The conglomerate's lawyers will argue that position before the Supreme Court starting October 10, a move that could potentially delay the Black Sand bid which is open to October 18.
Lascelles wants the court to instruct the FSC that a revised proposal issued by Black Sand earlier this month is still non-compliant. This, in turn, would require the issuance of a third proposal and consequently delay the release of the Lascelles directors' official response to the offer.
"In the interest of time we will take the FSC to court, but it was not our first choice," Lascelles company secretary Jane George told Wednesday Business in an interview Tuesday. The FSC regulates financial institutions and overseas mergers and takeovers.
"We are going to court on October 10 and the court will hear the arguments of non-compliance," George said.

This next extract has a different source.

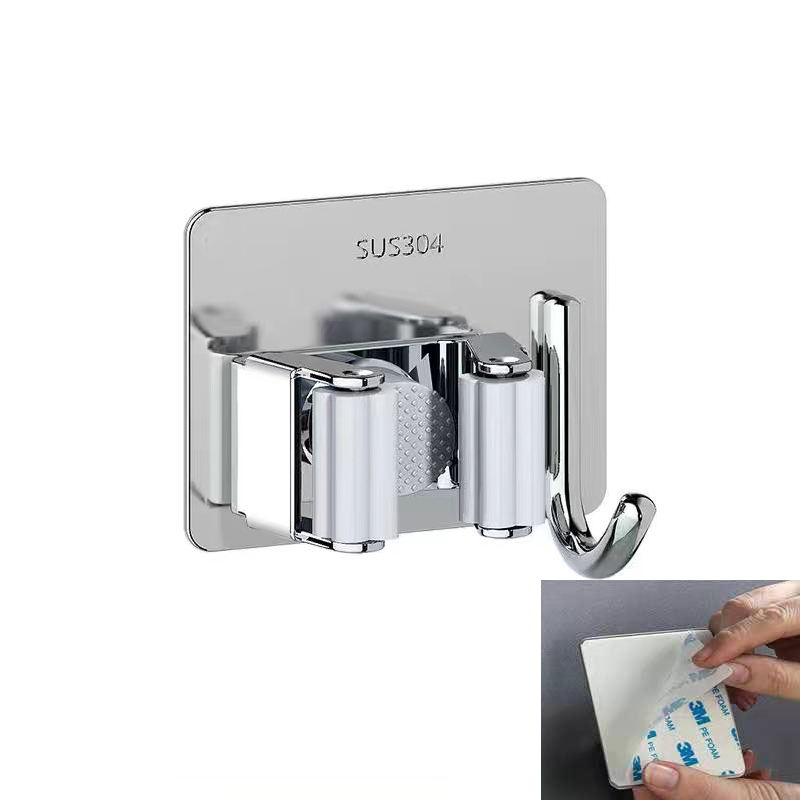 Home Storage Rack Bathroom Suction Hanging Pipe Traceless Hooks Wall Mounted Mop Organizer Holder Waterproof Broom Hanger silver Hook

Lascelles has been challenging the validity of the revised proposal made by Black Sand through an appeals tribunal at the FSC since last week.

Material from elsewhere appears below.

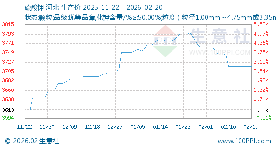 2月20日,生意社硫酸钾基准价为3716.67元/吨,与本月初(3760.00元/吨)相比,下降了1.15%。

Lascelles contends that Black Sand stilllacks proof of funding but the FSC viewed the revised proposal as compliant. The tribunal wrapped up Tuesday with both parties opting to hear arguments in court, according to George.
"The FSC wrote a letter to the FSC tribunal which brought up the point that the tribunal was not the proper place to hear these arguments," said George. Calls to FSC for clarity went unanswered up to press time.

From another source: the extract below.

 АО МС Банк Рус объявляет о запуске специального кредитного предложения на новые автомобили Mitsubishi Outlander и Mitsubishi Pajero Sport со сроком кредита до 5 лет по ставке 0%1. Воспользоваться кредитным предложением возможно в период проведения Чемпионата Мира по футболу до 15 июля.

George rejected the view that Lascelles was stalling the release of its official response to Black Sand.
"We already have a directors defence circular drafted," she said. "Lascelles is not trying to delay but we do not feel the offer is properly compliant."
The FSC previously set a September 21 deadline for the release of the directors' circular, according to the FSC notice.
Black Sand previously said it received equity commitments from a group of investors led by United States-based Octavian Special Master Fund LP and Kingston-based Pan-Jamaican Investment Trust. Wednesday Business estimates the offer at some US$370 million (J$31.9 billion), which amounts to roughly half the price paid to acquire Lascelles by the Trinidad-based CL Financial Group three years ago.
Lascelles said last month that the original Black Sand proposal was undervalued, lacked evidence of capital, and could strip the group of its profitable Appleton Rum brand. Consequently, it advised shareholders to hold on to their shares until further notice. Lascelles required Black Sand to submit an amended bid proposal in accordance with what it described as regulatory guidelines. Black Sand responded by clarifying that the 74.26 million Carreras shares held by Lascelles was not put up for sale as claimed, while extending the US$3.86 per share offer deadline initially by a month, from September 19 to October 18.
Black Sand, a group of investors led by former Lascelles managing director William McConnell, has bid for not less than 90 per cent of Lascelles' ordinary shares and 100 per cent of the two preference stocks. Black Sand said it intends to stabilise the operations of Lascelles and its subsidiaries.
The Trinidad government, through the bailed-out CL Financial Group, owns 87 per cent of Lascelles but controls 92 per cent of the voting rights.